It’s the oldest trick in the book: Past-prime pop singer attempts to boost his or her relevance in the face of dwindling sales and hastily changing trends by commissioning the help of a hotter, more bankable artist. Tony Bennett and Lady Gaga’s Cheek to Cheek is the latest product of such a collaboration—except I’m not referring to the octogenarian Bennett, who, after 60-plus years in the business, is selling more albums than ever before, but to Gaga, whose free-fall from the upper echelons of pop has been as precipitous as her rise was meteoric.
Despite her claims that she grew up listening to the jazz greats, Gaga comes off more as a dilettante than an aficionado on Cheek to Cheek, a collection of duets with the seasoned Bennett. (Between Madonna, Bowie, Mötley Crüe, and now Ella and Billie, it’s hard to keep track of just how many posters adorned her bedroom walls as a child.) On songs like the Cole Porter standard “Anything Goes” and the title track, Gaga sounds like what she thinks a jazz singer should sound like; her performances are blatantly affected, marred by shouting and clichéd phrasing. She displays a total dearth of the vocal precision and enunciation that made her so-called idols the masters they were; her timbre on eden ahbez’s “Nature Boy,” for instance, is wildly inconsistent, shifting from soft and almost pleasant to parodic and comical, often within just a few short bars.
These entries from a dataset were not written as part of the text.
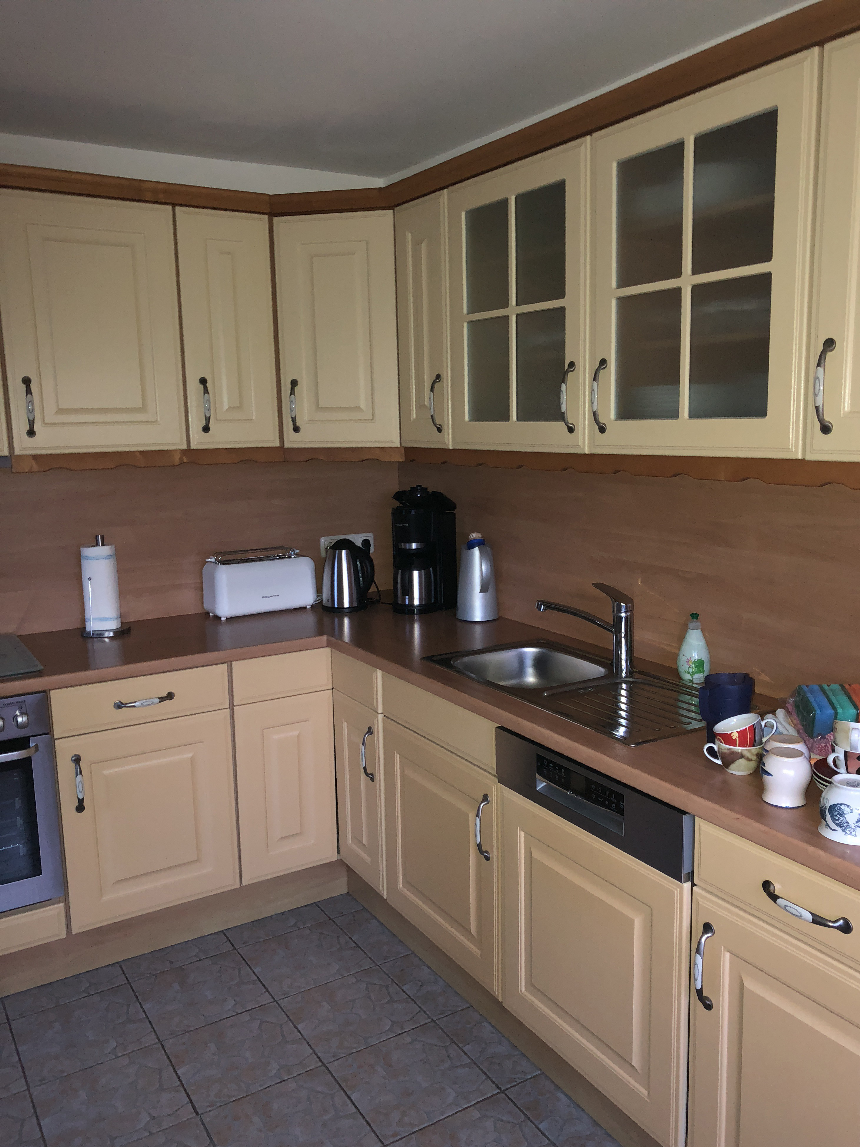 - Geschirrspülmaschine, zwei Kühlschränke, ein Gefrierschrank, Backofen, Mikrowelle, Kochfeld, Kaffemaschine, Toaster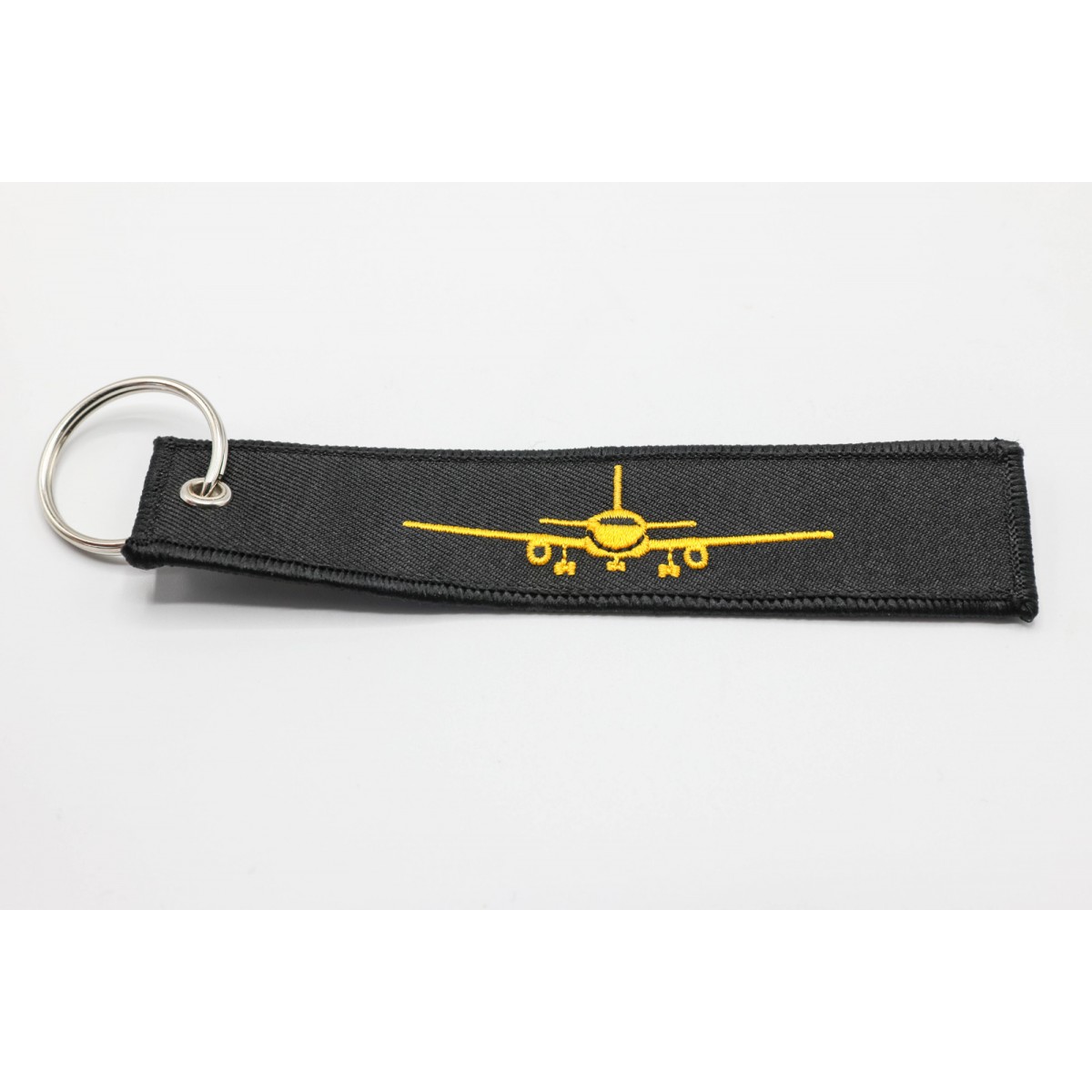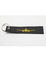 Materiałowy brelok do kluczy dwustronnie haftowany, obszyty i zakończony metalowym kółkiem do zawieszenia kluczy.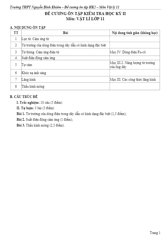 Trích dẫn đề cương ôn tập HK2 Vật lý 11:

Bennett doesn’t fare a whole lot better, his otherwise charming performances strained throughout. The pair’s solo efforts, particularly Gaga’s clumsy interpretation of Billy Strayhorn’s “Lush Life” and Bennett’s surprisingly pitchy rendition of Duke Ellington’s “Sophisticated Lady,” only serve to spotlight their shortcomings. The 88-year-old Bennett, who’s managed to stretch his career into not just a second, but third act, obviously deserves some slack, but for a singer who isn’t even 30, Gaga’s voice is shockingly rough-hewn, especially on “I Can’t Give You Anything But Love” and “I Won’t Dance.” Even when all that’s required of her is cheeky, spoken repartee on “Goody Goody,” her persistent vocal fry is insufferable. If not for the session musicians’ top-notch work, including Joe Lovano’s virtuosic tenor sax solos, much of Cheek to Cheek, which drags at an economical 45 minutes, would sound like glorified karaoke.